- TASK DIRECTIONS
Restate every line of the data word for word, except for the images.

[Data records]
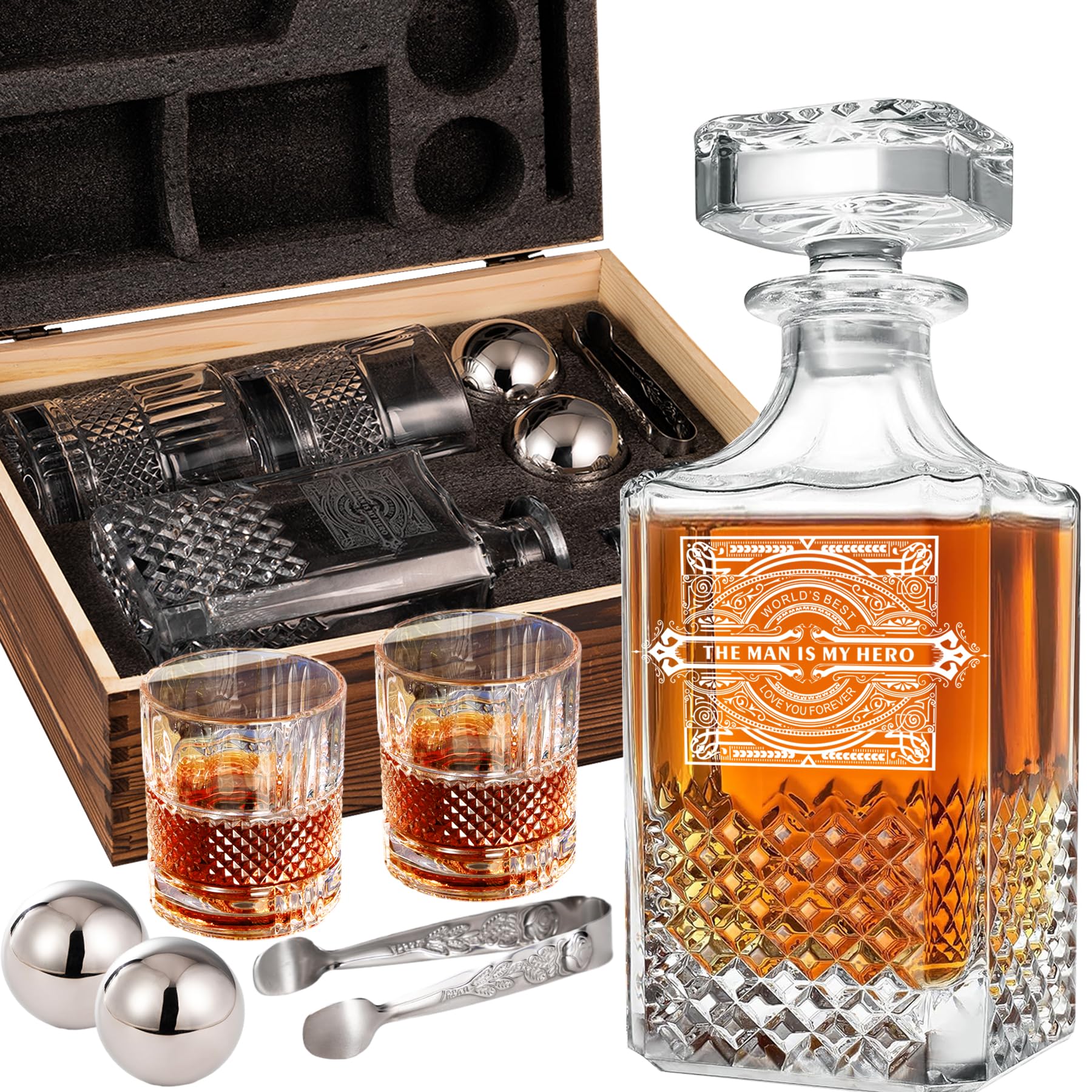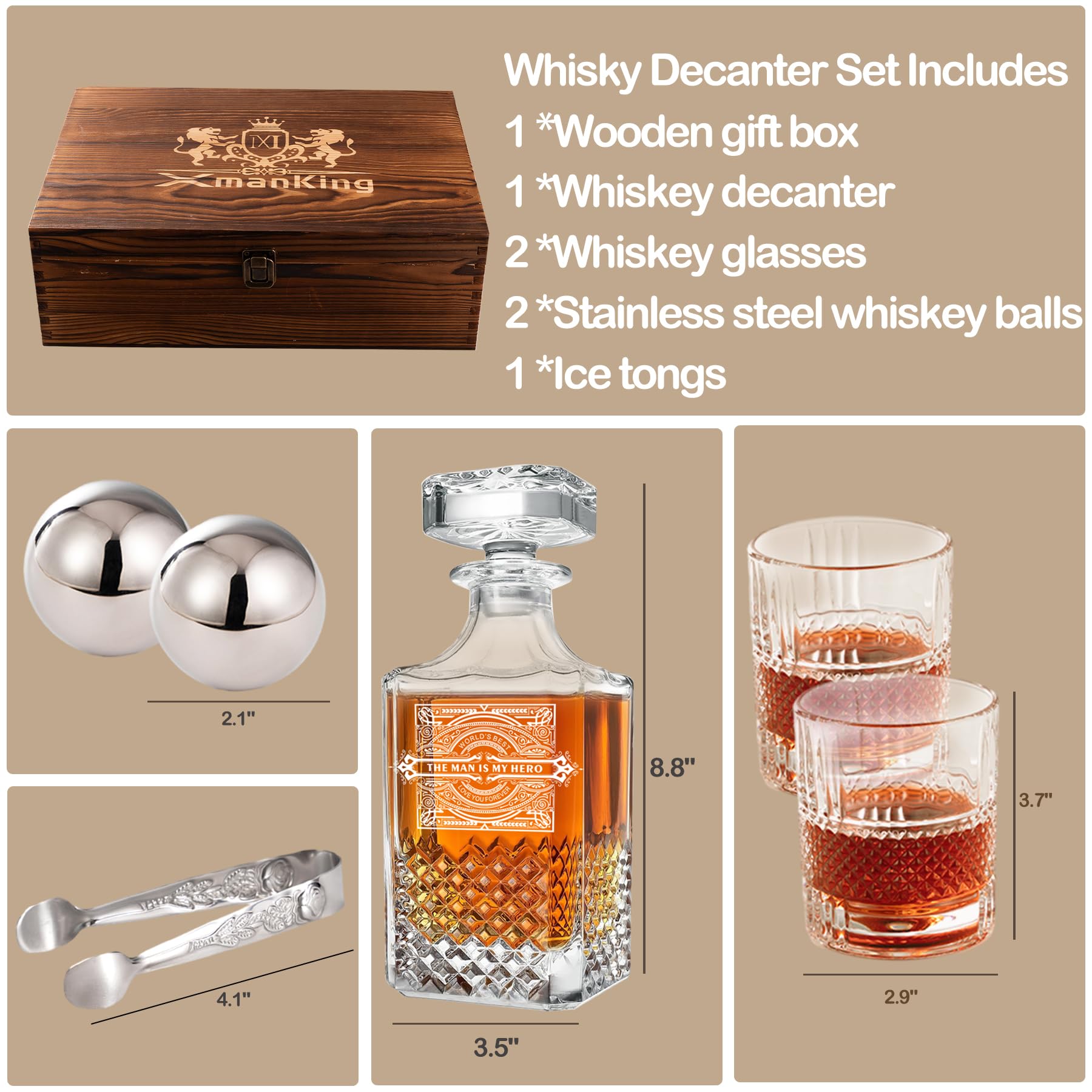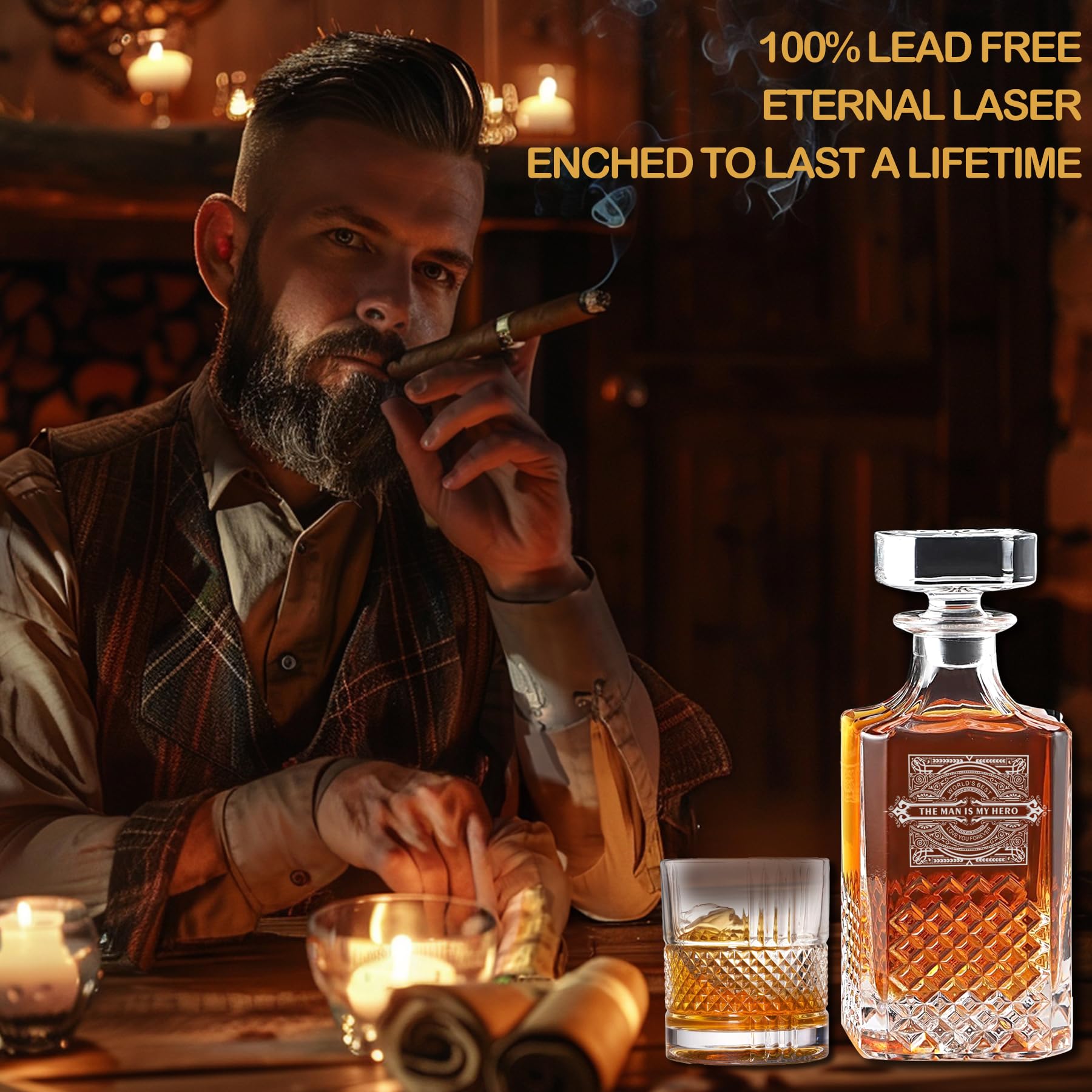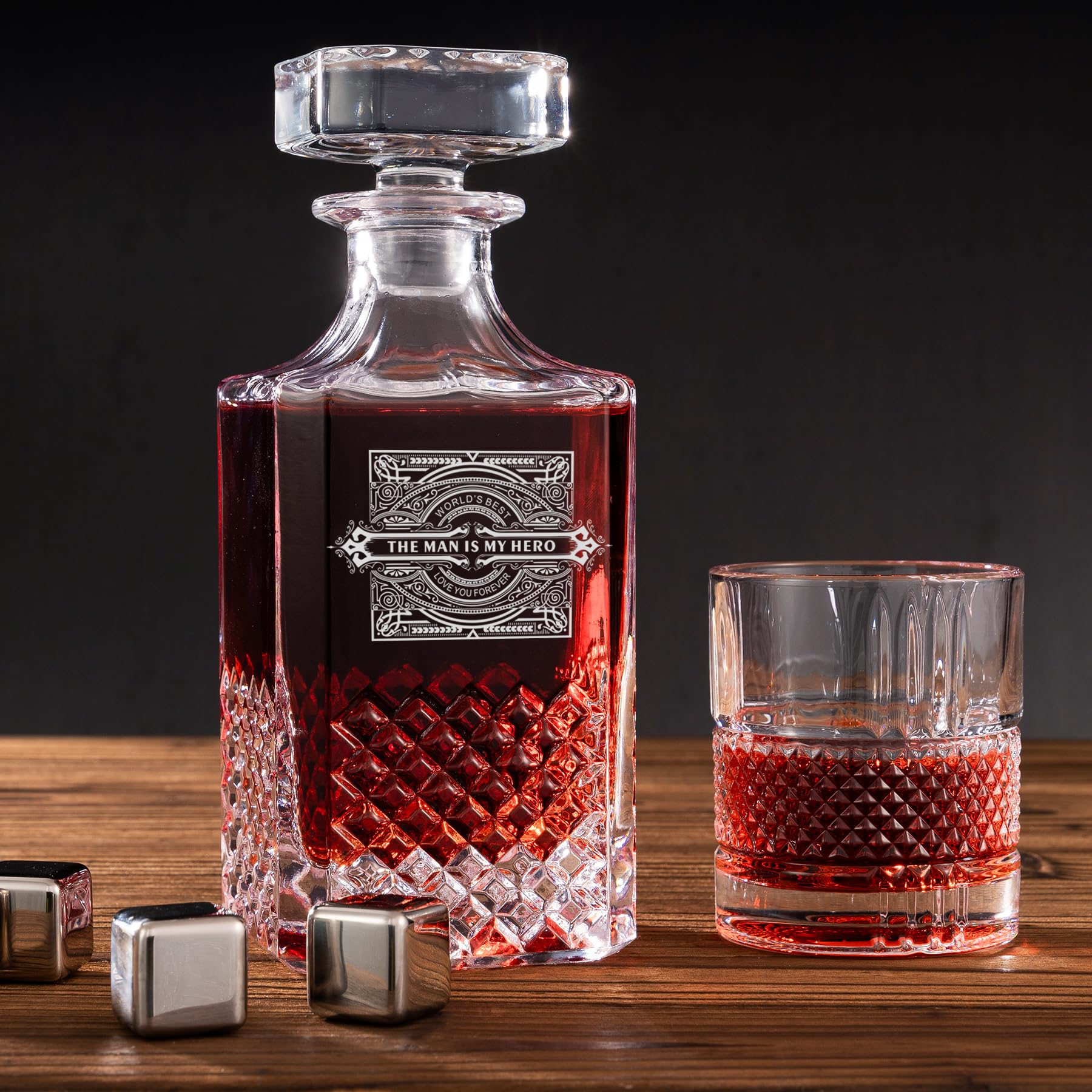 - 【Decanter Sets for Men】Old fashioned whiskey decanter gifts for men dad to impress your family and friends. What is particularly special is that the decanter surface is engraved with the words "the man is my hero" through laser. It is suitable as a meaningful gift for the heroic man in your heart, whether it is a father, husband Groomsmen or friend. Can deeply express your respect and love for them.
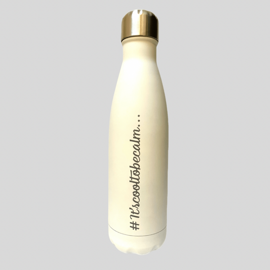 Calm & Chilled Vacuum Insulated 500ml Stainless Steel Water Bottle in White Rubber Finish 500ml. Free Personalisation
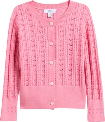 Classic rib knitting and polished buttons bring cozy charm to this cotton cardigan that keeps your little trendsetter comfy from classroom to playdate.
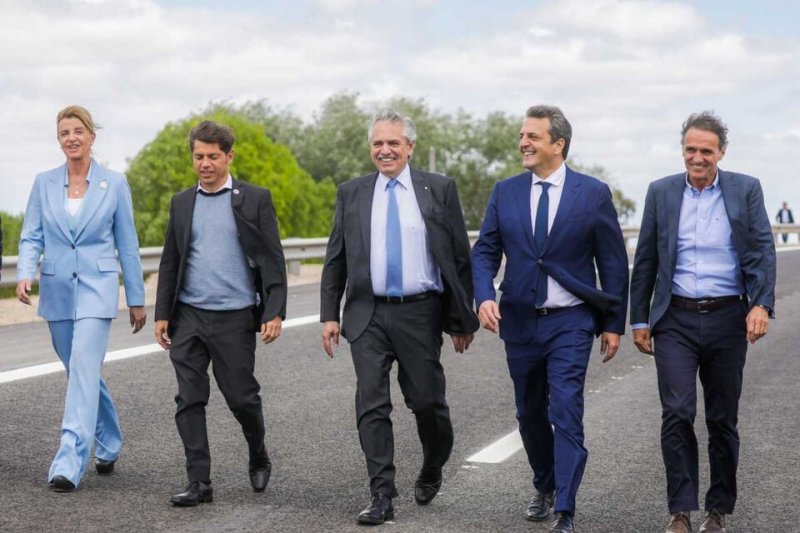 En el escenario montado en Cañuelas también estuvieron los ministros Sergio Massa (Economía) y Gabriel Katopodis (Obras Públicas), a los que se sumaron el titular de Vialidad Nacional, Gustavo Arrieta y la intendenta local, Marisa Fassi.
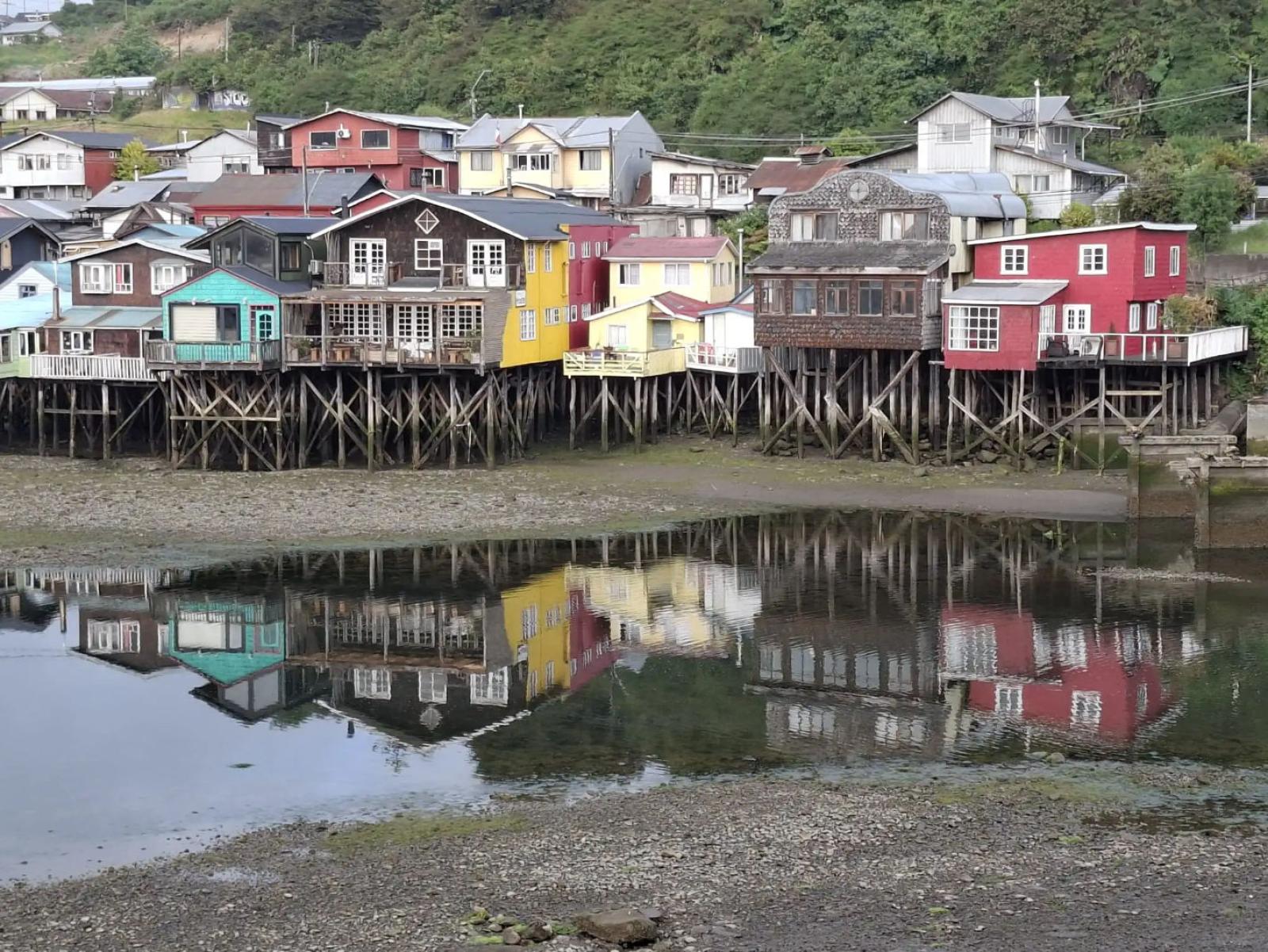 L’isola ha un paesaggio dolce, di prati, bestiame al pascolo e piccole fattorie. L’Oceano Pacifico la lambisce, scavando canali che si insinuano nella costa. Andiamo alla ricerca delle chiese lignee Patrimonio Unesco. Cristi lignei e madonne in abiti di stoffa e monili adornano i semplici luoghi di culto. A Castro le case palafitta, tinteggiate di colori vivaci, restano sospese nel vuoto creato dalla bassa marea. Le barche sono adagiate sulla sabbia in attesa dell’onda.

- RESPONSE
 - 【Decanter Sets for Men】Old fashioned whiskey decanter gifts for men dad to impress your family and friends. What is particularly special is that the decanter surface is engraved with the words "the man is my hero" through laser. It is suitable as a meaningful gift for the heroic man in your heart, whether it is a father, husband Groomsmen or friend. Can deeply express your respect and love for them.
 Calm & Chilled Vacuum Insulated 500ml Stainless Steel Water Bottle in White Rubber Finish 500ml. Free Personalisation
 Classic rib knitting and polished buttons bring cozy charm to this cotton cardigan that keeps your little trendsetter comfy from classroom to playdate.
 En el escenario montado en Cañuelas también estuvieron los ministros Sergio Massa (Economía) y Gabriel Katopodis (Obras Públicas), a los que se sumaron el titular de Vialidad Nacional, Gustavo Arrieta y la intendenta local, Marisa Fassi.
 L’isola ha un paesaggio dolce, di prati, bestiame al pascolo e piccole fattorie. L’Oceano Pacifico la lambisce, scavando canali che si insinuano nella costa. Andiamo alla ricerca delle chiese lignee Patrimonio Unesco. Cristi lignei e madonne in abiti di stoffa e monili adornano i semplici luoghi di culto. A Castro le case palafitta, tinteggiate di colori vivaci, restano sospese nel vuoto creato dalla bassa marea. Le barche sono adagiate sulla sabbia in attesa dell’onda.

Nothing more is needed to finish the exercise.